§ **Required action**:
Restate word for word the entries below, starting with the line with "HODINKY GLAM ROCK" and continuing through the line with "抗压强度为1336 MPa)。其原因可能在于, Co的固溶强化及Co可以抑制". Include both of those lines and no others.
*** Opening of Dataset records ***
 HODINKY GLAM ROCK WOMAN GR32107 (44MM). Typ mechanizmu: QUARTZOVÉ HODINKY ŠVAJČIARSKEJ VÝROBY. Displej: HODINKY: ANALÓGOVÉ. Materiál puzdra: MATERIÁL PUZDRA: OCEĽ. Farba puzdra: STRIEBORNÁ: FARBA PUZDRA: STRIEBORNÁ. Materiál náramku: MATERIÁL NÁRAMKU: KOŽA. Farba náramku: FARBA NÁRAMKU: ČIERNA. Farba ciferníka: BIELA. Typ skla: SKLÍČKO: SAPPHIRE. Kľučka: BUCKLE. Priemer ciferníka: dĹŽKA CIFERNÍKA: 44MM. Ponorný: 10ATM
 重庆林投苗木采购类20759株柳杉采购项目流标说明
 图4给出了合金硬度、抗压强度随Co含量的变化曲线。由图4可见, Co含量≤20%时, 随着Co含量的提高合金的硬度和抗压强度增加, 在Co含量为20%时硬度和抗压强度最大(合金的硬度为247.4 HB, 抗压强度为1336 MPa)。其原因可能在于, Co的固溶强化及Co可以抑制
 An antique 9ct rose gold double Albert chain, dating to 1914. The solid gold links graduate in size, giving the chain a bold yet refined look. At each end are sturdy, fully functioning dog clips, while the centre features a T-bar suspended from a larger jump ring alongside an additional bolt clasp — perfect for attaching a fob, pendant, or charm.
*** Close of Dataset records ***
*** Opening of Dataset records ***
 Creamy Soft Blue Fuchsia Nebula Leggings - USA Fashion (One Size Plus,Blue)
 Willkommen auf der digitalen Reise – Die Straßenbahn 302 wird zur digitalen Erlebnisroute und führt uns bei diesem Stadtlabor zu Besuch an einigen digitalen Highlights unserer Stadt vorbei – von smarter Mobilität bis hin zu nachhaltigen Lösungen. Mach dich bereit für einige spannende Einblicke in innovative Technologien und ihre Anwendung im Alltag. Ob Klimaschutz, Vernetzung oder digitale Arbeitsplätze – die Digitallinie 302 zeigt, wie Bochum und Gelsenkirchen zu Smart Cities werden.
*** Close of Dataset records ***
§ **Solution for this problem**:
 HODINKY GLAM ROCK WOMAN GR32107 (44MM). Typ mechanizmu: QUARTZOVÉ HODINKY ŠVAJČIARSKEJ VÝROBY. Displej: HODINKY: ANALÓGOVÉ. Materiál puzdra: MATERIÁL PUZDRA: OCEĽ. Farba puzdra: STRIEBORNÁ: FARBA PUZDRA: STRIEBORNÁ. Materiál náramku: MATERIÁL NÁRAMKU: KOŽA. Farba náramku: FARBA NÁRAMKU: ČIERNA. Farba ciferníka: BIELA. Typ skla: SKLÍČKO: SAPPHIRE. Kľučka: BUCKLE. Priemer ciferníka: dĹŽKA CIFERNÍKA: 44MM. Ponorný: 10ATM
 重庆林投苗木采购类20759株柳杉采购项目流标说明
 图4给出了合金硬度、抗压强度随Co含量的变化曲线。由图4可见, Co含量≤20%时, 随着Co含量的提高合金的硬度和抗压强度增加, 在Co含量为20%时硬度和抗压强度最大(合金的硬度为247.4 HB, 抗压强度为1336 MPa)。其原因可能在于, Co的固溶强化及Co可以抑制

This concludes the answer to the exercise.